NIO shares surged as much as 12% on October 8 after the Chinese electric vehicle maker delivered 4,799 vehicles in the third quarter, up 35.1% from the second quarter, exceeding expectations by a large margin.
This is a positive development for the Chinese firm that has been plagued by cost overruns, a voluntary battery recall, declining passenger vehicle sales and reduced EV subsidies from the Chinese government.
In the third quarter, NIO delivered 4,196 of its five-seater ES6 SUV and 603 of the ES8, its more expensive seven-seater premium electric SUV. Production and delivery of the ES6 “continued to ramp up after its initial launch in June,” Chief Executive William Li said in a statement.
“In addition to the solid sequential improvement in our delivery numbers, we have seen accelerated growth of our order backlog since September supported by a more expansive sales network,” Li added.

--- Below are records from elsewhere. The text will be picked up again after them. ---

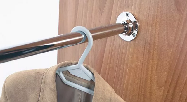 | Ovalas – labiausiai paplitęs pasirinkimas tarp vartotojų. Šis modelis tvirtinamas flanše, kuris tvirtinamas prie baldų lentos. Ovalus drabužių kabykla pasižymi padidintomis galimos apkrovos charakteristikomis, todėl ant jos galima dėti viršutinius drabužius – paltus, žiemines striukes, pūkines striukes. | Skersai – spintoje arba drabužinių sistemoje esantys skersai gaminio. Kai kurie spintų savininkai nepritaria šiam tipui, teigdami, kad jį nepatogu naudoti. Kita vertus, toks strypų išdėstymas leidžia sutaupyti vietos spintoje, atlaisvinant ją kitiems daiktams. | Ištraukiamas mikroliftas – naudojamas negiliose spintelėse, iki 50 cm gylio. Patogumas slypi statmename išdėstyme apačiai, kai viena iš modelio dalių juda į priekį, leisdama žmogui pasiimti reikiamą daiktą. Toks įtaisas tvirtinamas varžtais prie spintos sistemos lubų. |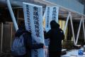 2月8日,在日本东京,工作人员在一处投票站外放置投票站标志。新华社记者 贾浩成 摄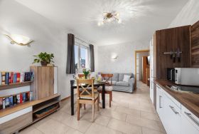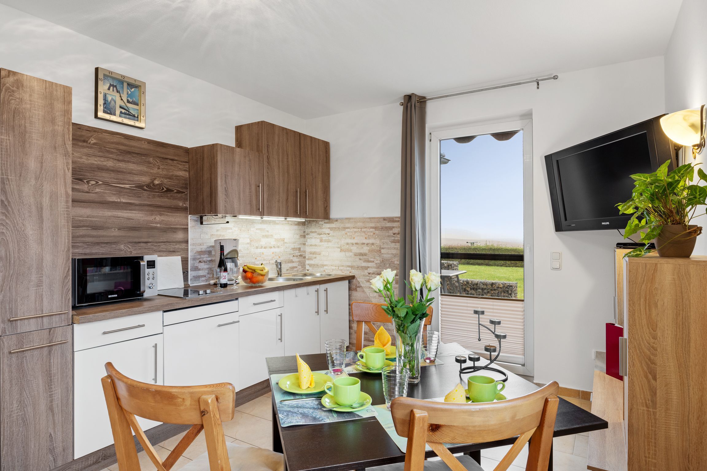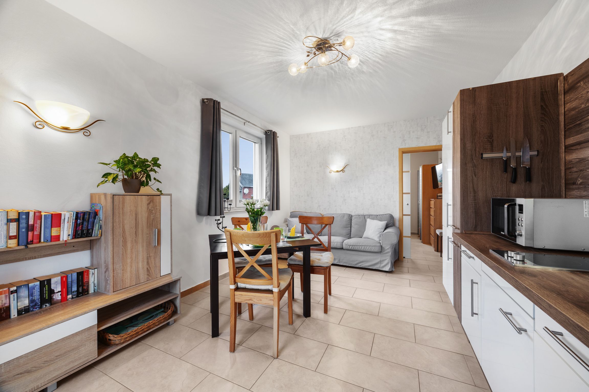 Die offene Küche ist das Herzstück unserer Wohnung. Sie finden hier einen Herd mit 2 Platten, einen Kühlschrank mit Gefriemöglichkeit, eine Mikrowelle, Wasserkocher, Eierkocher, Kaffemaschine sowie alle notwendigen Utensilien, um Ihre Lieblingsgerichte zuzubereiten. Die gesamte Wohnung ist mit einer Fussbodenheizung ausgestattet.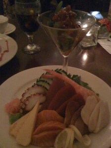 I got the chirashi (assorted sashami on rice). Loved it. Their spicy tuna (in the martini glass) was addictive. The flavor of the tuna and lemon came through first, then the heat. Wonderful. Had enough to bring some home for Carmen to have after work. It was wonderful.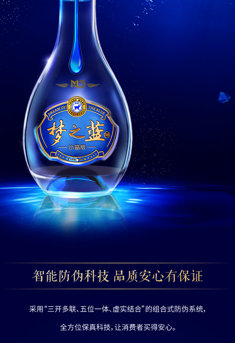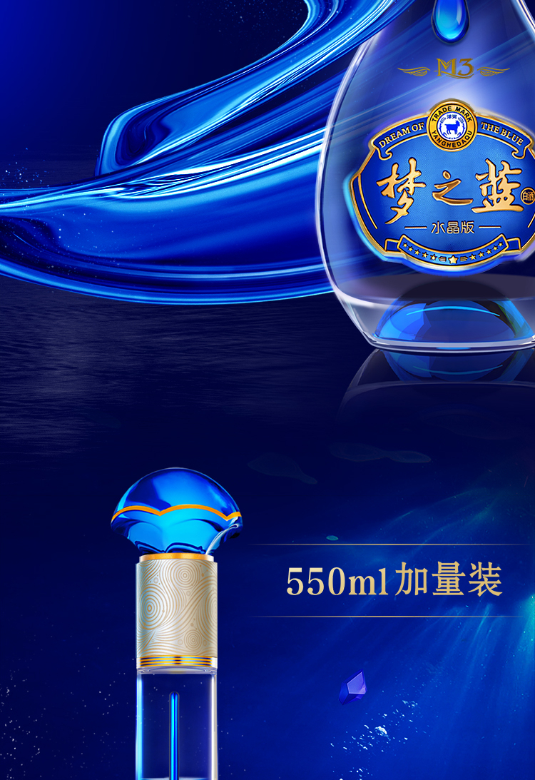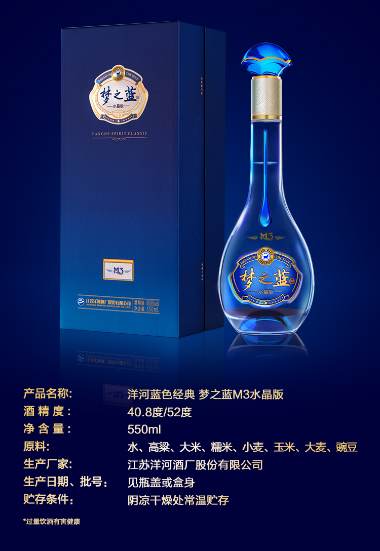 【洋河股份】蓝色经典52度 梦之蓝M3水晶版白酒 550ml *1瓶 蓝色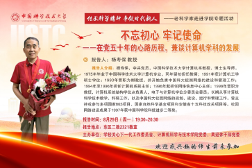 8月29日晚,由学校关心下一代工作委员会、计算机科学与技术学院党委和离退休干部党委联合主办的老科学家走进学院专题报告会在东区第二教学楼顺利举行。校关工委委员、老科学家报告团成员杨寿保教授应邀作题为《不忘初心 牢记使命——在党五十年的心路历程,兼谈计算机学科的发展》的专题报告。计算机科学与技术学院2022级本科新生近200人参加了本次活动,活动由计算机科学与技术学院党委副书记宫晓梅主持。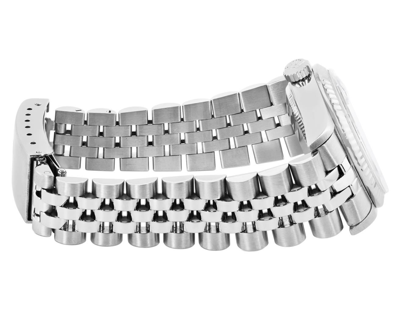 One Rolex Ladies Midsize Pre Owned Stainless Steel Datejust Wristwatch Polished with Satin Finish, Serviced And Electronically Tested, Stainless Steel Case: 31mm, Stainless Steel Crown, Bezel: 18K White Gold Fluted Bezel. Crystal: Sapphire With Magnifying Date Window. Hands: Solid Hands. Rolex Movement: Automatic Winding Movement 2235. Rolex Factory Dial: Cream Dial With Arabic Hour Markers. Date Window: 3 O'Clock Position Date Display, Model: Quickset Datejust. Condition: G-6 Extra Fine. Rolex Bracelet: Stainless Steel Jubilee Band. Bright Polish And Satin Finish. 6.0 Inch Length, Adjustable. Standard Clasp, With Rolex Logo. This Watch Has Been Serviced Time Tested And Is In Excellent Condition It Is Free Of All Scratches And Dents. This Watch Comes With A Rolex Box.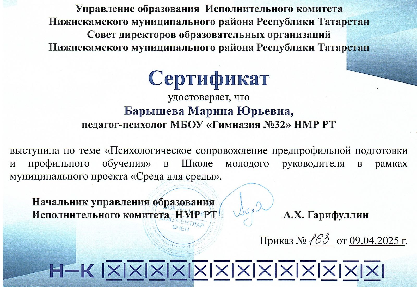 | Короткое название: | МБОУ "Гимназия №32" НМР РТ |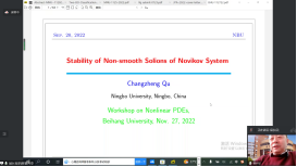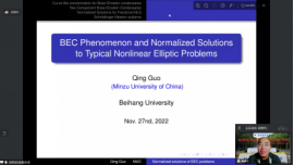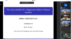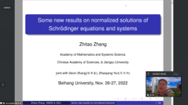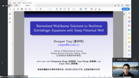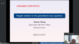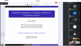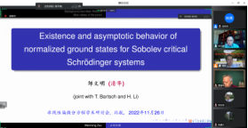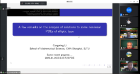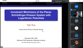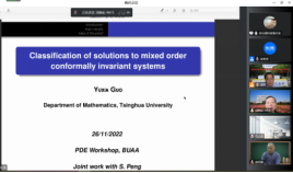 为了交流非线性偏微分方程及相关领域的最新研究成果,为偏微分方程及其相关领域专家学者提供探讨、交流最新研究方向和研究成果的平台,促进偏微分方程及相关领域的发展,新葡萄8883官网amg官网于2022年11月26日至27日举办了“新葡萄8883官网amg官网非线性偏微分方程学术研讨会”。保继光教授(北师大)、曹道民教授(中科院)、邓引斌教授(华中师大)、丁彦恒教授(中科院)、郭玉劲教授(华中师大)、郭玉霞教授(清华大学)、郭宗明教授(河南师大)、李从明教授(上海交大)、刘兆理教授(首都师大)、麻希南教授(中科大)、苗长兴教授(北京应用物理与计算数学研究所)、彭双阶教授(华中师大)、屈长征教授(宁波大学)、唐仲伟教授(北师大)、杨健夫教授(江西师大)、严树森教授(华中师大)、张志涛教授(中科院、江苏大学)、周风教授(华东师大)、周焕松教授(武汉理工)、邹文明教授(清华大学)等专家学者参会并做学术报告,来自北航和全国的近200名师生参加此次会议。

Despite the good news on sales, NIO still has many hurdles ahead. The company burned more than half of its remaining cash in the second quarter as it expanded its retail presence and worked to get its ES6 SUV into full production. And just a few weeks ago, NIO announced that they would lay off more than 20% of their workforce. The announcements sent shares of the company down as much as 30% over two days.
It remains unclear if the promising results is the start of a positive trend for NIO, which has accumulated about $6 billion in losses since its founding in 2014. EV sales in China have been declining since July. In August, the sales dropped by 16% from a year earlier.
The back-to-back declines came after China scaled back subsidies to the industry, according to data from industry group China Association of Automobile Manufacturers. China’s overall auto sales in August saw the 14th consecutive drop since July 2018, falling to 1.65 million units.